La unión de agua, fuego y hierbas siempre ha sido un símbolo de amor feliz y fertilidad. Y, al parecer, esta es la parte más fascinante para los jóvenes hasta hoy día.

Las chicas solteras se esconden de los ojos ajenos y depositan candelas encendidas en coronas de flores que han hecho a mano. Luego, dejan flotar las coronas en la corriente del río con la intención de adivinar su suerte. Si la guirnalda tarda poco en hundirse, predice desgracia y mala suerte, soltería, traición o enfermedades. Pero la joven cuya candela permanezca encendida más tiempo, será más longeva. Y aquella, cuya corona logre viajar más lejos por el río, será muy feliz en su matrimonio.

Mientras tanto, los muchachos intentan recoger las coronas corriente abajo con la esperanza de agarrar aquella que pertenezca a la mujer deseada.
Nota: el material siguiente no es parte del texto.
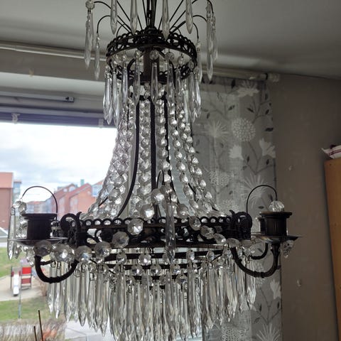 Lampor i fuskterakotta, som jag lackat svarta. Skärmar i pergamentstil.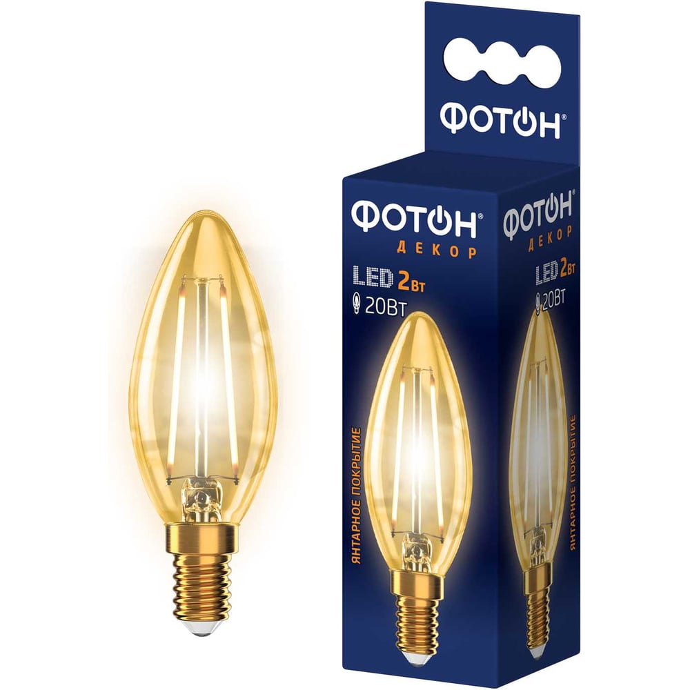 Светодиодная лампа ФОТОН филаментная LED FL B35 2Вт E14 2200K, теплый свет 22625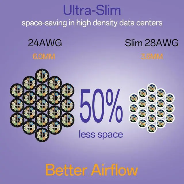 Ultra-Slim: Slim CAT6 patch cord is 50% thinner than standard networking cables. Slim Cat6 UTP patch cable is designed for space-saving in high density environments such as data centers telecommunication and server rooms.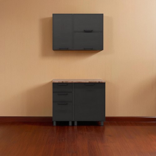 Кухонный гарнитур Аленушка 1 м с 3 ящиками Магнолия Сталь, скоба черный, сонома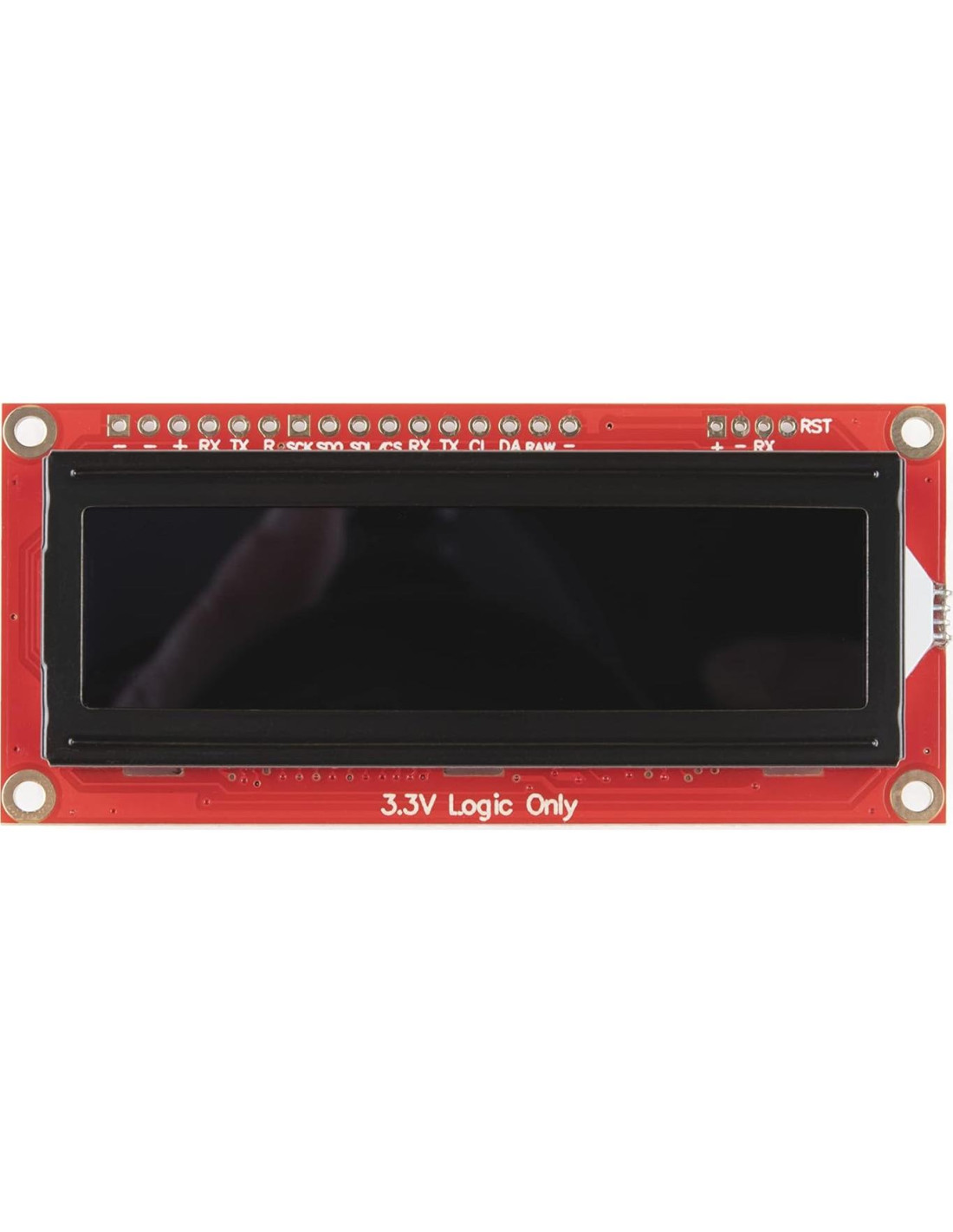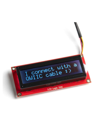 - 16x2, Pantalla RGB en Negro. Tres opciones de comunicación: Serie, I2C y SPI. Dirección I2C ajustable controlada a través de comandos especiales de software (0x72 por defecto). Conexión Qwiic.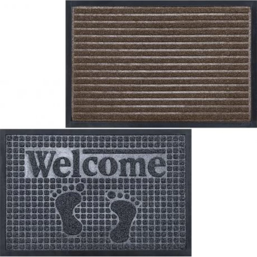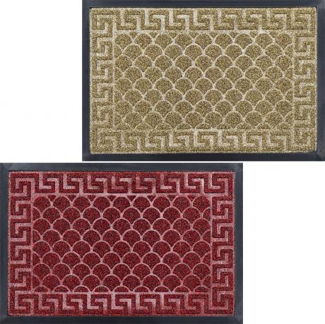 Гумовий прямокутний килимок розміром 40×60 см з тисненням, модель 2901-14. Підходить для використання у передпокої, біля вхідних дверей або в господарських зонах. По краях і знизу килимок гумовий, що забезпечує стійкість і запобігає ковзанню. Верхня поверхня жорстка, ефективно очищає взуття від бруду та вологи. Практичний, зносостійкий і зручний для щоденного використання.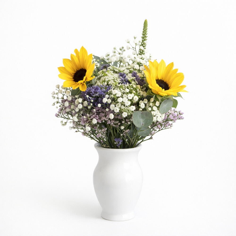 bonito ramo silvestre con paniculata verdes variados y girasoles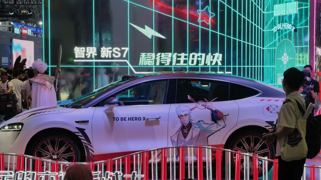 比如領克的都市遊樂場,就停了一輛跟即將發售的熱門遊戲《 明末:淵虛之羽 》聯動的定製痛車,智界則是聯動了《 凸變英雄 X 》。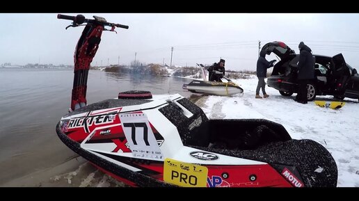 Тройной БЭКФЛИП на гидроцикле зимой | Чуть не утонул

Además, las solteras suelen colocar guirnaldas de flores en sus cabellos e internarse entre los árboles y arbustos. Las siguen los jóvenes solteros fingiendo buscar hierbas o helechos. Este era el comienzo de una floreciente relación y antiguamente resultaba que la mayor tasa de natalidad ocurría en marzo.



EL TÉ AL ESTILO RUSO



Durante más de tres siglos el té ha sido una de las bebidas preferidas de los rusos. Por el nivel de consumo de esta infusión, Rusia solo cede ante “potencias” tradicionales del té como China, la India y Japón.

El té apareció en Rusia en 1638 con el nombre de “hierba china”. Lo trajo de una visita diplomática a la sede de uno de los kanes mongoles el boyardo ruso Vasili Starkov. En agradecimiento a sus obsequios, el diplomático recibió unos 64 kilos de té. En la corte del zar Miguel I de Rusia la bebida resultó muy del gusto de todos y en 1679 se firmó el primer contrato de suministro de té desde China. Se vendía en Rusia en unas pequeñas cajas con aspecto de joyeros.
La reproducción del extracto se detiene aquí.